The optimized ViDT+ models can be found:
ViDT+ (Swin-nano), ViDT+ (Swin-tiny), and ViDT+ (Swin-small).

Requirements

This codebase has been developed with the setting used in Deformable DETR:
Linux, CUDA>=9.2, GCC>=5.4, Python>=3.7, PyTorch>=1.5.1, and torchvision>=0.6.1.

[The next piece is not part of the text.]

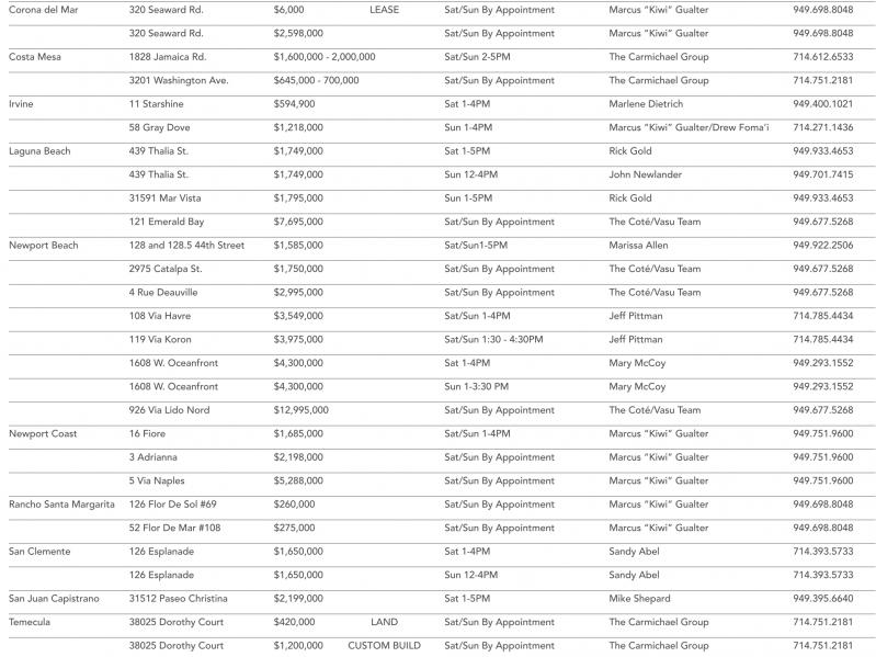 Laguna Beach 439 Thalia St. $1,749,000 Sat 1-5PM Rick Gold 949.933.4653 439 Thalia St. $1,749,000 Sun 12-4PM John Newlander 949.701.7415 31591 Mar Vista $1,795,000 Sun 1-5PM Rick Gold 949.933.4653 121 Emerald Bay $7,695,000 Sat/Sun By Appointment The Coté/Vasu Team 949.677.5268 Newport Beach 128 and 128.5 44th Street $1,585,000 Sat/Sun1-5PM Marissa Allen 949.922.2506 2975 Catalpa St. $1,750,000 Sat/Sun By Appointment The Coté/Vasu Team 949.677.5268 4 Rue Deauville $2,995,000 Sat/Sun By Appointment The Coté/Vasu Team 949.677.5268 108 Via Havre $3,549,000 Sat/Sun 1-4PM Jeff Pittman 714.785.4434 119 Via Koron $3,975,000 Sat/Sun 1:30 - 4:30PM Jeff Pittman 714.785.4434 1608 W. Oceanfront $4,300,000 Sat 1-4PM Mary McCoy 949.293.1552 1608 W. Oceanfront $4,300,000 Sun 1-3:30 PM Mary McCoy 949.293.1552 926 Via Lido Nord $12,995,000 Sat/Sun By Appointment The Coté/Vasu Team 949.677.5268 Newport Coast 16 Fiore $1,685,000 Sat/Sun 1-4PM Marcus “Kiwi” Gualter 949.751.9600 3 Adrianna $2,198,000 Sat/Sun By Appointment Marcus “Kiwi” Gualter 949.751.9600 5 Via Naples $5,288,000 Sat/Sun By Appointment Marcus “Kiwi” Gualter 949.751.9600 Rancho Santa Margarita 126 Flor De Sol #69 $260,000 Sat/Sun By Appointment Marcus “Kiwi” Gualter 949.698.8048 52 Flor De Mar #108 $275,000 Sat/Sun By Appointment Marcus “Kiwi” Gualter 949.698.8048 San Clemente 126 Esplanade $1,650,000 Sat 1-4PM Sandy Abel 714.393.5733 126 Esplanade $1,650,000 Sun 12-4PM Sandy Abel 714.393.5733 San Juan Capistrano 31512 Paseo Christina $2,199,000 Sat 1-5PM Mike Shepard 949.395.6640 Temecula 38025 Dorothy Court $420,000 LAND Sat/Sun By Appointment The Carmichael Group 714.751.2181 38025 Dorothy Court $1,200,000 CUSTOM BUILD Sat/Sun By Appointment The Carmichael Group 714.751.2181

We recommend you to use Anaconda to create a conda environment:

conda create -n deformable_detr python=3.7 pip
conda activate deformable_detr
conda install pytorch=1.5.1 torchvision=0.6.1 cudatoolkit=9.2 -c pytorch

Compiling CUDA operators for deformable attention

cd ./ops
sh ./make.sh
# unit test (should see all checking is True)
python test.py

Other requirements

pip install -r requirements.txt

Training and Evaluation

If you want to test with a single GPU, see colab examples. Thanks to EherSenaw for making this example.
The below codes are for training with multi GPUs.

Training for ViDT+

We used the below commands to train ViDT+ models with a single node having 8 NVIDIA GPUs.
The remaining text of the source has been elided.